» **REQUIRED WORK**
Without the pictures, reproduce the records that follow exactly.

Excerpts from a dataset:
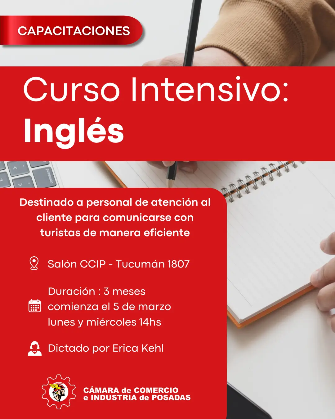 📅 Fecha de inicio: Martes 5 de marzo🕑 Horario: Lunes y miércoles, 14:00 hs📍 Lugar: Salón CCIP, Tucumán 1807👩🏫 Dictado por: Erica Kehl La Cámara de Comercio e Industria de Posadas invita a participar en el Curso Intensivo de Inglés, diseñado para personal de atención al cliente que necesite comunicarse de manera eficiente con turistas. […]
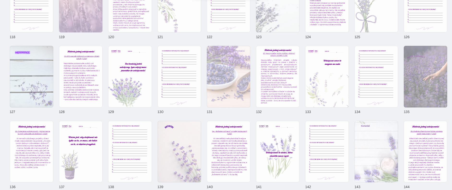 Odkryj, jak zmienia się Twoje życie, gdy każdego dnia zatrzymujesz się na chwilę, aby zauważyć dobro. Ten wyjątkowy, lawendowy dziennik powstał po to, aby pomóc Ci wprowadzić więcej spokoju, radości, wdzięczności i uważności do codzienności.
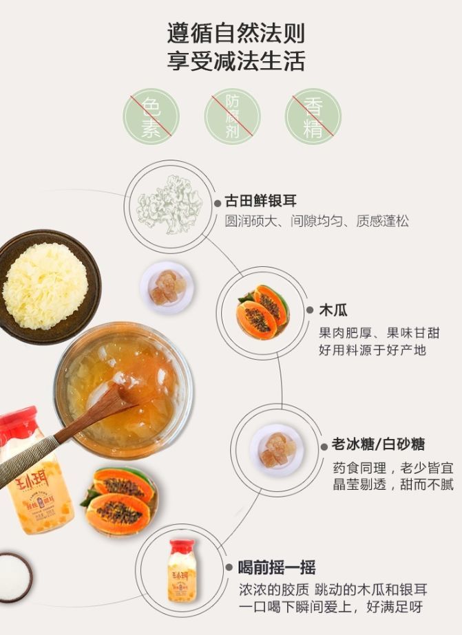 5.高膳食纤维,自然原味,加入新疆红枣,宁夏枸杞,农家冰糖;清甜木瓜味,朵朵银耳、口口果肉,滋爽进心里!
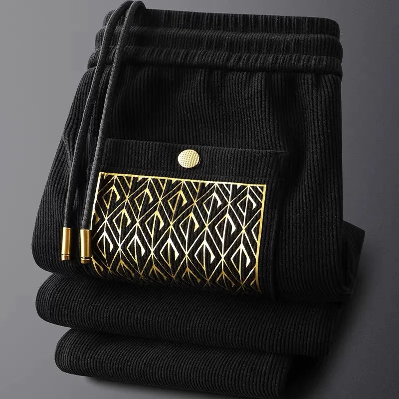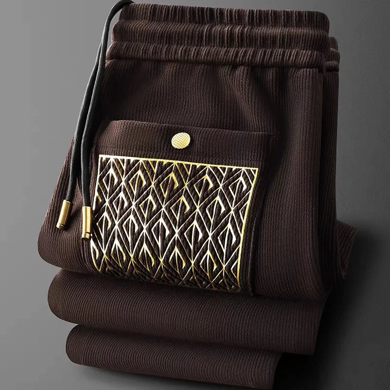 Not your average trousers—these are a statement in motion. Crafted from a signature cotton blend with a ribbed texture and gold-thread detailing, they offer all-day comfort with standout style. Whether you're jet-setting, unwinding, or stepping out, these trousers move with you and turn heads while doing it.
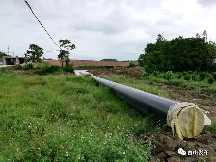 目前,该项目正在全面铺开。在中开高速公路项目的工地旁边,可以看到沿线整齐摆放着大量黑色的管道,这些黑色管道是粤西天然气主干管网阳江——江门干线项目的管道。为节省用地,项目规划部分线路与中开高速重叠,其中台山段大部分都沿着中开高速公路旁边建设。
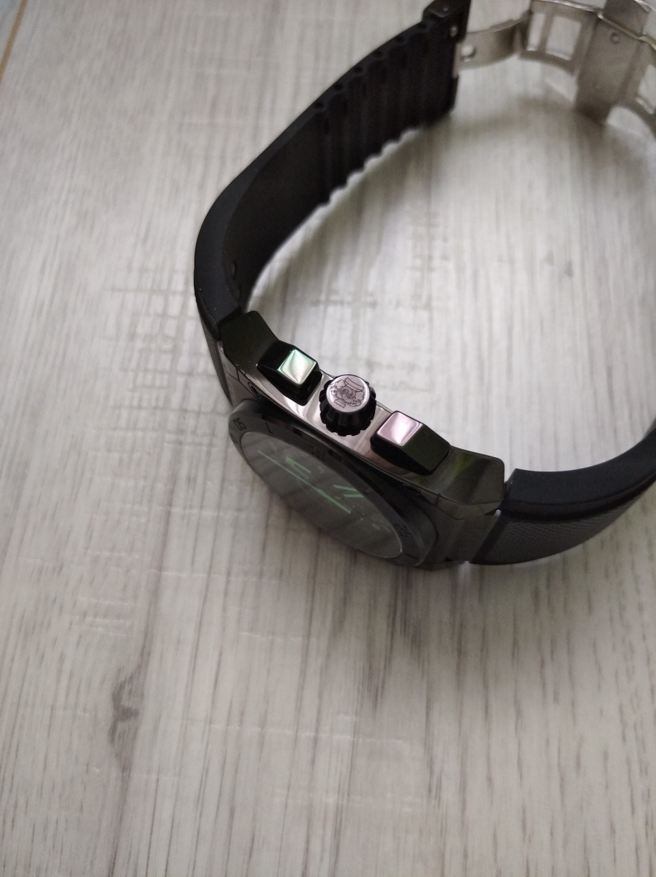 Ремень: шикарный толстый и удобный каучук с раскладной застежкой, вставки по бокам на 4 винтах. Ушки на 24 мм
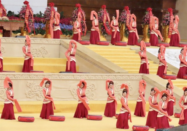 敬献花篮。国家领导人,河南省委、省政府主要领导,主办单位领导,郑州市、新郑市领导,依次向黄帝像敬献花篮。
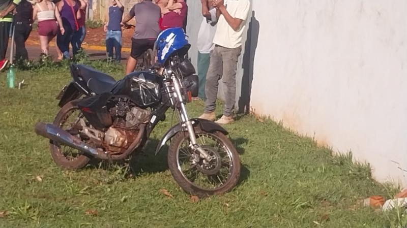A violenta colisão aconteceu praticamente em frente a Unidade de Saúde do bairro, e envolveu uma motocicleta e um GM/Astra.

» **REPLY TO THE EXERCISE**
 📅 Fecha de inicio: Martes 5 de marzo🕑 Horario: Lunes y miércoles, 14:00 hs📍 Lugar: Salón CCIP, Tucumán 1807👩🏫 Dictado por: Erica Kehl La Cámara de Comercio e Industria de Posadas invita a participar en el Curso Intensivo de Inglés, diseñado para personal de atención al cliente que necesite comunicarse de manera eficiente con turistas. […]
 Odkryj, jak zmienia się Twoje życie, gdy każdego dnia zatrzymujesz się na chwilę, aby zauważyć dobro. Ten wyjątkowy, lawendowy dziennik powstał po to, aby pomóc Ci wprowadzić więcej spokoju, radości, wdzięczności i uważności do codzienności.
 5.高膳食纤维,自然原味,加入新疆红枣,宁夏枸杞,农家冰糖;清甜木瓜味,朵朵银耳、口口果肉,滋爽进心里!
 Not your average trousers—these are a statement in motion. Crafted from a signature cotton blend with a ribbed texture and gold-thread detailing, they offer all-day comfort with standout style. Whether you're jet-setting, unwinding, or stepping out, these trousers move with you and turn heads while doing it.
 目前,该项目正在全面铺开。在中开高速公路项目的工地旁边,可以看到沿线整齐摆放着大量黑色的管道,这些黑色管道是粤西天然气主干管网阳江——江门干线项目的管道。为节省用地,项目规划部分线路与中开高速重叠,其中台山段大部分都沿着中开高速公路旁边建设。
 Ремень: шикарный толстый и удобный каучук с раскладной застежкой, вставки по бокам на 4 винтах. Ушки на 24 мм
 敬献花篮。国家领导人,河南省委、省政府主要领导,主办单位领导,郑州市、新郑市领导,依次向黄帝像敬献花篮。
A violenta colisão aconteceu praticamente em frente a Unidade de Saúde do bairro, e envolveu uma motocicleta e um GM/Astra.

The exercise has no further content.